Who fixes school finance now?
In last Friday's Texas Supreme Court decision, few insiders were surprised by the court's description of the school finance system as "imperfect, Byzantine" and "sclerotic." Indeed, the latest lawsuit was the seventh since the late 1980s that challenged the constitutionality of the state's funding system of schools and the equitable distribution to districts.
What was surprising was the court's final ruling: that serial litigation is not an appropriate default mechanism for fixing school finance issues because it is not the court's role to "second-guess or micromanage Texas education policy." This is an immense paradigm shift for nearly all observers of the Texas political system. Based on the lower court's ruling and past rulings that the school finance system is unconstitutional, school districts and legislators assumed the current model would be deemed similarly so. (Indeed, state Rep. Jimmie Don Aycock pulled his school finance bill from consideration the 2015 legislative session because many lawmakers wanted to wait for a resolution to the litigation.)

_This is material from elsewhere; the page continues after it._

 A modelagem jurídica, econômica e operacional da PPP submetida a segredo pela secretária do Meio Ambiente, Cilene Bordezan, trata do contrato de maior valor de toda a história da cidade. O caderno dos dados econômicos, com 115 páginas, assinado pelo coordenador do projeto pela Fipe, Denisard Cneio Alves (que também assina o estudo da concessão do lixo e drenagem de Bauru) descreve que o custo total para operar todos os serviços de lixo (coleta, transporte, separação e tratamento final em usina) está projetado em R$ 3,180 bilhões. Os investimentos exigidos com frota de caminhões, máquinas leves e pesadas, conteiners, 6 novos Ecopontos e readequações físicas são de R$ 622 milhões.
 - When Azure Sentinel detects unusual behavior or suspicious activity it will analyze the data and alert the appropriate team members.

In reference to the plaintiffs' arguments to the court that the Legislature failed to provide the legal minimum funding level for Texas public schools, the court questioned "whether the state of human knowledge makes such a calculation possible, much less constitutionally required." On the contrary, data on this subject is easily accessible — and it shows that Texas is lagging.

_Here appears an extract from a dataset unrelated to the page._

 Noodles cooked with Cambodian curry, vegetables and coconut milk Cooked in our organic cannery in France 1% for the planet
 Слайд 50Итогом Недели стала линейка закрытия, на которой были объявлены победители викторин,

Many school districts are still getting less money less per student than in fiscal year 2009. "Fiscal Size-up 2014-15," a publication of the Legislative Budget Board that calculated per-student funding in constant dollars adjusted for inflation and population growth, showed a loss in purchasing power in school districts since fiscal year 2009. Adequacy should have been the easiest part of the case to determine — and perhaps the most important.
The court's decision offers several clues on how the justices believe school funding should be reformed. In addition to rejecting the plaintiffs' arguments over insufficient funding, the court also has drawn another bright line by stating that the plaintiffs' questions should have focused more on academic performance and graduation rates. But while multiple metrics prove that Texas funds its schools inadequately, less is known about how the state could tie funding to performance. That kind of tracking is experimental, not systematically adopted across the country and can be inordinately damaging to disadvantaged groups. It may seem sensible and innovative to incentivize districts to perform, but in reality it only complicates and muddies the challenge of adequately and equitably funding schools.

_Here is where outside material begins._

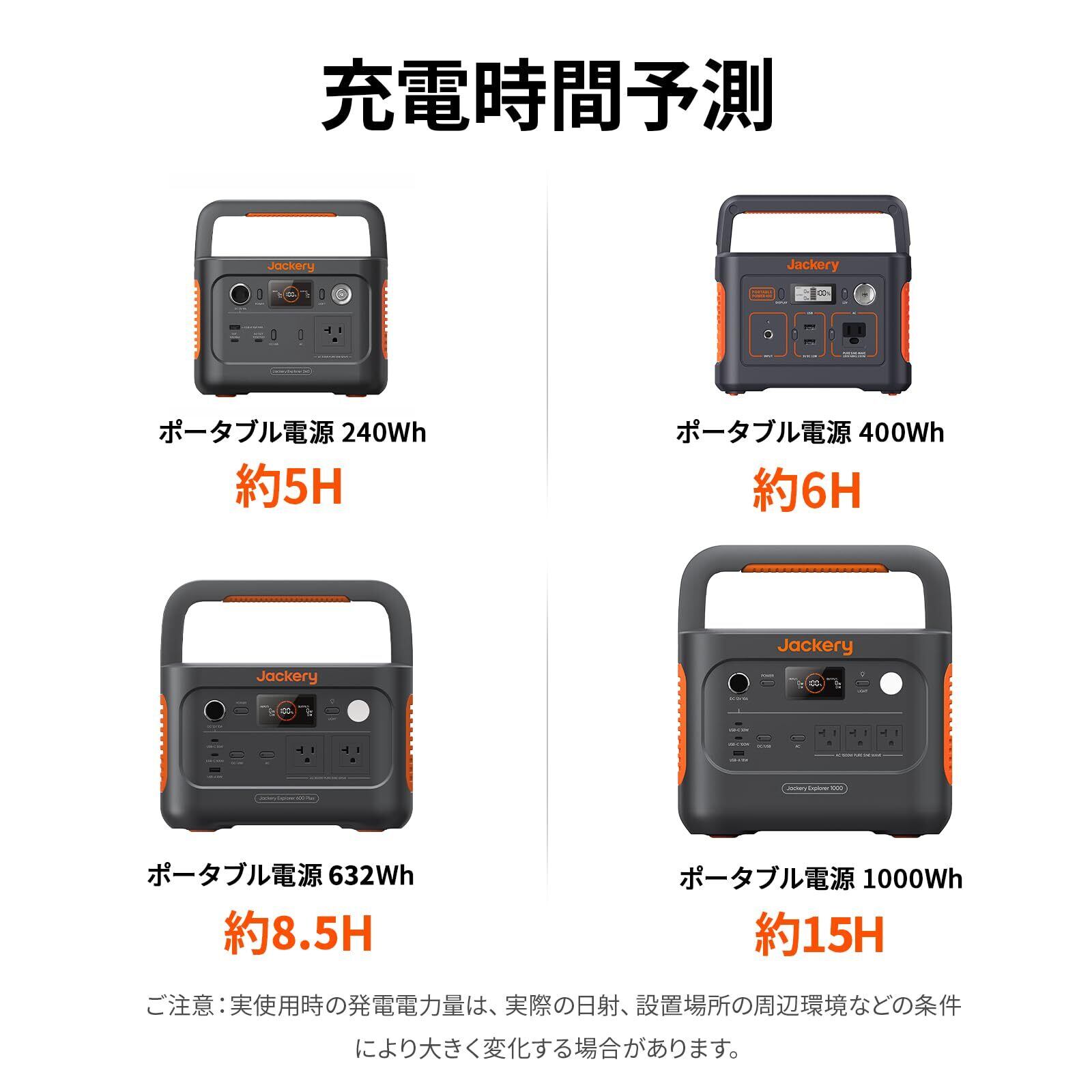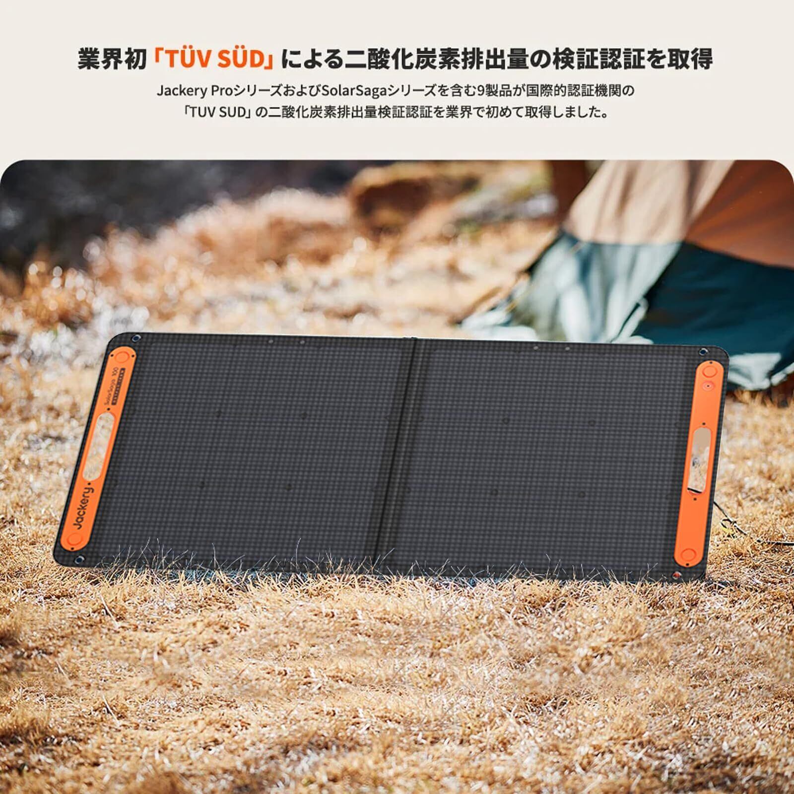 【ご注意】①Jackery SolarSaga 100使用時の発電電力量は、実際の日射、設置場所の周辺環境などの条件により大きく変化する場合があります。また、予告なく細かな製品仕様変更及び改善する可能性がございますので、予めご了承ください。②ポータブル電源1000は同型番のSolarSagaのみ並列接続可能です。

Let's be clear: The Texas Constitution specifically requires the Legislature "to establish and make suitable provision for the support and maintenance of an efficient system of public free schools." That is not complicated language. At the heart of this and other lawsuits by schools against the state are the phrases "suitable provision" and "public free schools." Any comprehensive reform of school funding formulas would need to account for what our Constitution requires of the Legislature: to adequately fund our public school system.
So the Court believes a massive reform is necessary but that litigation is not an appropriate default mechanism for fixing school finance issues because it is not the Court's role to "second-guess or micromanage Texas education policy." If that's the case, who is left to judge what makes a "suitable provision"? If judges cede their authority to interpret this provision, what is the next stage of school finance purgatory?
With meaningful discussions on enhancing educational policy for all students in such short supply these days, the Texas Supreme Court's decision means we may be in limbo for multiple years and multiple legislative sessions. In the next session, we must insist that "public free schools" get more attention so that all students have the opportunity to learn the skills necessary to succeed in the 21st century.